I use regular expressions to search files on machine code binaries on a regular basis, but none of those tools are a hex editor, so it would be very nice to integrate that functionality into this particular hex editor. (Fast and light weight = good i.m.o.)

Other examples of useful syntax that is PCRE compatible :

Code: Select all

.*
(matches all bytes until next specified match)

.{1,200}
(matching any byte minimum of 1 times, maximum of 200)

[90-F0] converts to [\x90-\xF0]
(matching bytes from 90 to F0)

(90|FF|55) converts to (\x90|\xFF|\x55)
(matching bytes, 90, FF, or 55)

(?!55) converts to (?!\x55)
(next byte does not equal 55)
All HxD needs to do is recognize bytes and convert it to the regular expression format.

The Function pcre_compile() will tell you if the notation is bad, and pcre_exec() returns the address of the match plus the length, so it would be easy to update the selection in the editor.

This makes the matching engine extremely flexible, and forces the user to simply be familiar with regular expression notion without the ugly syntax. (\x00)

Maël
Site Admin
Posts: 1129
Joined: 12 Mar 2005 14:15

Post by Maël » 03 Mar 2007 18:09

I don't know if there is really a need for a full blow perl regular expressions. My first thought was more to implement "real" regular expressions (i.e. what can be done with an DFA) with an slightly extended syntax that allows to specify byte patterns. AFAICT all your examples would be achievable this way.
b0ne wrote:The Function pcre_compile() will tell you if the notation is bad, and pcre_exec() returns the address of the match plus the length, so it would be easy to update the selection in the editor.
The issue with this is that I allow searching streams of any size (also GBs of data) which means I have to adapt the searching (as not everything can be held in memory). I will first have to investigate how much I would need to adapt the PCRE lib to achieve this. This also means I can't simply use the code, but will have to analyze and understand it.
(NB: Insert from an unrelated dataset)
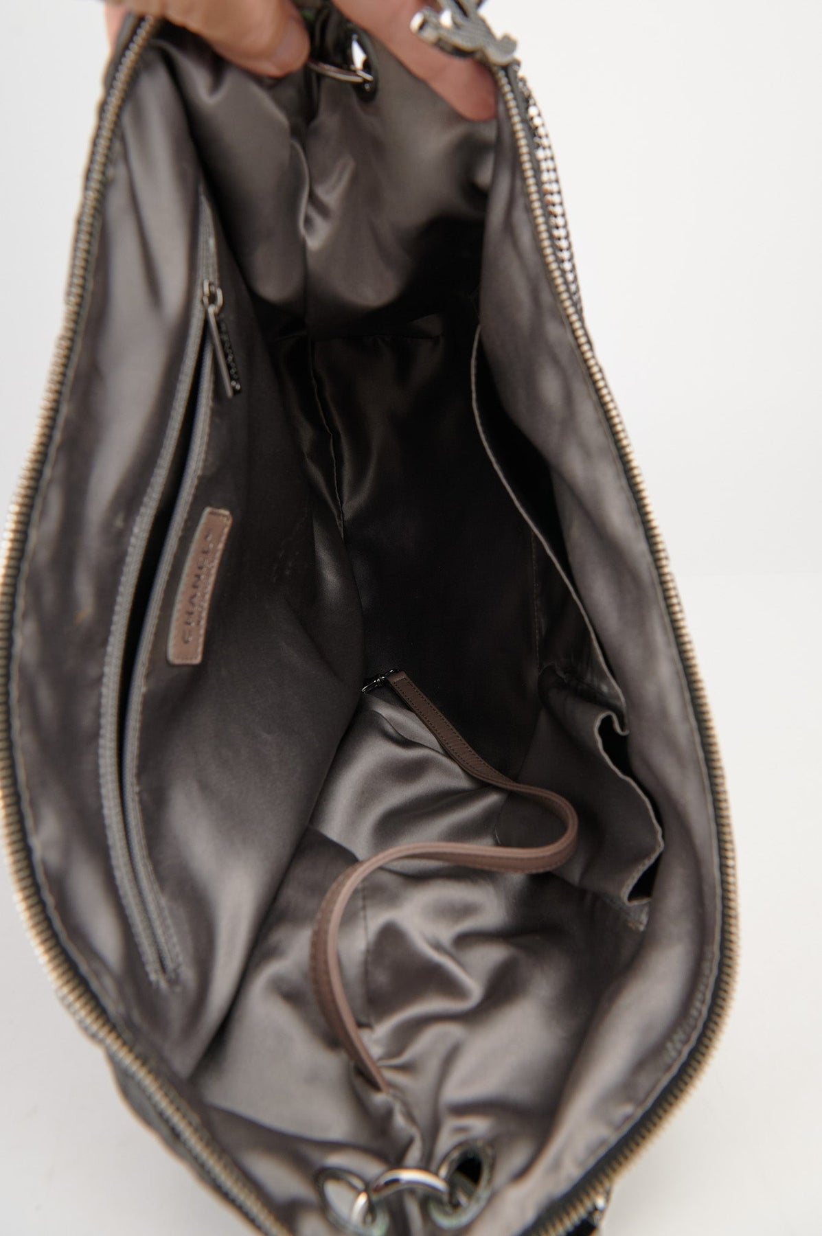 Grey satin interior with three pockets, one with a zipper

b0ne wrote:I use regular expressions to search files on machine code binaries on a regular basis
Could you give me some links to those tools, so I can see how they handle binaries?

b0ne
Posts: 5
Joined: 02 Mar 2007 18:40

Post by b0ne » 06 Mar 2007 17:12

The issue with this is that I allow searching streams of any size (also GBs of data) which means I have to adapt the searching (as not everything can be held in memory).
Perhaps a checkbox to enable "full" regular expressions that will scan the full buffer with the understanding that it cannot be performed on giant streams? It doesn't seem wise to use complicated regular expressions on GBs of data to begin with...

Alternatively, a condition where if the scan is going to be extremely large, to allow only regular expressions that have bounds on their repetitions such that you can overlap the buffers that are provided to PCRE?

For instance, you have read in 4 blocks of memory, each 32 bytes in size. You know your pattern matches a maximum of 16 bytes.

The pattern cannot match across blocks 1 to 3 or 2 to 4. Knowing this you could free 1 after you've scanned across 1 and 2, then free 2 after you've scanned across 2 and 3.
Could you give me some links to those tools, so I can see how they handle binaries?
Well, some are closed source like PowerGrep, it handles binary searches (not very well) and is closed source. There are tools I use at my job which utilize PCRE, but those aren't hex editors... :) I was privy to the implementation of the internal ones, all of them rely on passing the entire buffer to PCRE.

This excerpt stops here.